The Eastern Echo sat down to have a chat with Professor David Calonne who teaches in the English Department at EMU and has recently had some of his works published. The discussion began with the question of how Calonne got his inspiration to write his book The Spiritual Imagination of the Beats.
“I was born in Los Angeles, California, and I feel maybe unconsciously I have been pursuing this perhaps back to my childhood. My first book was about William Saroyan who was an Armenian. I’m half Armenian, my mother was Armenian and my father French. Saroyan grew up in a place in California called Fresno, so I was very familiar with that area. His stories talk about the under-class of America, the people who were oppressed. He does it in a very encouraging way and life affirming, sometimes people would say sentimental. I was touched by his stories,” said Calonne.
“Any way long story short, I wrote my dissertation and it was published and then I went on to read the writers of the 40s and 50s, Kerouac, William Burroughs, and they were called the Beat writers and I discovered that Kerouac had been influenced by Saroyan,” said Calonne.
From then on Professor Calonne became more and more invested in his studies of the Beat writers. He began to become interested in his findings that the Beat writers were very in tune with knowledge of Buddhism, Hinduism, Gnosticism and more. He found it fascinating and decided to dedicate a Literature course at Eastern about the Beat writers and to write a book about them. The book was released this past September and is available for purchase on Amazon.
The book includes 11 Beats writers plus two writers who influenced the Beats writers. “They were interested in Buddhism, Tarot cards, and Native American themes and the spirituality of the Native Americans” said Professor Calonne. “I tried to develop these themes of the Beat writers which were: preserving the environment, their spiritual interests, they were pacifists, and in the book I sort of link these interests and how they discussed these things with one another,” said Calonne.

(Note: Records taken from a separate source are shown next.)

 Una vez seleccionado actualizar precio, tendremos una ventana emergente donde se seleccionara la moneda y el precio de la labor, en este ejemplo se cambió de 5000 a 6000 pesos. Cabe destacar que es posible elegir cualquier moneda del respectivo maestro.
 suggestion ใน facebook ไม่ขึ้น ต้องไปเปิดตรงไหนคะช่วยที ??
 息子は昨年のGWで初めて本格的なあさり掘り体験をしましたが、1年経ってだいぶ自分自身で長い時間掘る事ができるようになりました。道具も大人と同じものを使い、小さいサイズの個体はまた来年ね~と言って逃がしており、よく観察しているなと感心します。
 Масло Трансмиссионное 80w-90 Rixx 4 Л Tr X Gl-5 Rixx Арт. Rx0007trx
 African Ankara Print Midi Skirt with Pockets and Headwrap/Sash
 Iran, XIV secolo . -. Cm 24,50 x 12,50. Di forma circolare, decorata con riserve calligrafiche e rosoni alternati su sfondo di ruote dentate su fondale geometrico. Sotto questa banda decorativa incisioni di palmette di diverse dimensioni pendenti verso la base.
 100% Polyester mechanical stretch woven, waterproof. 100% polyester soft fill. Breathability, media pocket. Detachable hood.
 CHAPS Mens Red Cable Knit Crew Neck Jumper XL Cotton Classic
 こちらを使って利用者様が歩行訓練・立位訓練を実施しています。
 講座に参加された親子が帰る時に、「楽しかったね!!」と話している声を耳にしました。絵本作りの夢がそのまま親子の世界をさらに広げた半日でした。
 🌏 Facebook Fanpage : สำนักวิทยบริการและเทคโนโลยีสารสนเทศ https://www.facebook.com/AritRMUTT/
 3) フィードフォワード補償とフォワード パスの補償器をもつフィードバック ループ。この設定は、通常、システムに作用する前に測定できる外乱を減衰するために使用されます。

Professor Calonne also had a book released in September focused on about 50 years-worth of interviews of Gary Snyder, one of the Beat writers, which is titled Conversations with Gary Snyder.
"For me, [Snyder] represents a positive side of the Beats and he’s a very disciplined man, he lived in a Zen monastery for years, he was a mountain climber and an American outdoorsman, a very well-rounded man. I admire that about him,” said Calonne.
The professor’s most recent collection of interviews will be coming out in May, titled The Mathematics of the Breath and the Way: On Writers and Writing. It is a collection of interviews, stories and essays of Charles Bukowski. Also Calonne has been recently informed that his book on another of the Beat writers, Diane Di Prima, will be published by Bloomsbury -- the same company that publishes Harry Potter.
“She is very interesting because she was very smart, I think, genius level. She lived in New York City and wanted to be a writer and a poet, then met Ezra Pound who influenced her. Then she got very involved in all these spiritual/esoteric things, Hinduism and Kabbahla. She translated ancient Latin and was interested in the occult. She was interested in doing séances and magic. I didn’t know much about any of this but I had to explore it, but she took it very seriously,” said Calonne.
Be looking out for Professor Calonne’s latest book on Diane Di Prima, soon to be released within the next year or so, and take a look on Amazon for his three titles mentioned previously: The Spiritual Imagination of the Beats, Conversations with Gary Snyder, and The Mathematics of the Breath and the Way: On Writers and Writing.